TASK DESCRIPTION: Once the line containing "内饰就是一个普普通通的造型,也是相对比面" is reached, copy it and every line after it exactly, to the end of the material, without pictures.

DATA EXCERPT:
■ ■ ■ ■ ■ ■ ■

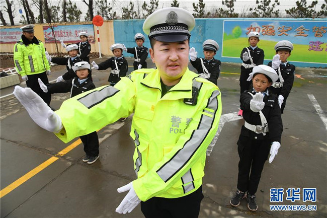 12月1日,東皋埠小學(xué)“小小交警隊”的隊員在學(xué)習(xí)交通指示手勢。新華社記者 李紫恒攝
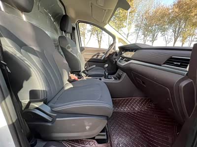内饰就是一个普普通通的造型,也是相对比面包车高级了一点,因为他有一个大连屏,反正中控台的造型就类似私家车那种造型,就是材质方面比较廉价一点,几乎都是塑料的材质。
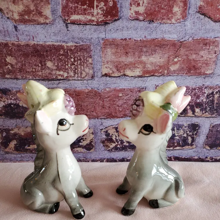 Vintage Ceramic Anthropomorphic Donkey Salt and Pepper Shakers with Fruit Hats Kitsch- GUC (see photos).

■ ■ ■ ■ ■ ■ ■

SOLUTION FOR THIS PROBLEM:
内饰就是一个普普通通的造型,也是相对比面包车高级了一点,因为他有一个大连屏,反正中控台的造型就类似私家车那种造型,就是材质方面比较廉价一点,几乎都是塑料的材质。
 Vintage Ceramic Anthropomorphic Donkey Salt and Pepper Shakers with Fruit Hats Kitsch- GUC (see photos).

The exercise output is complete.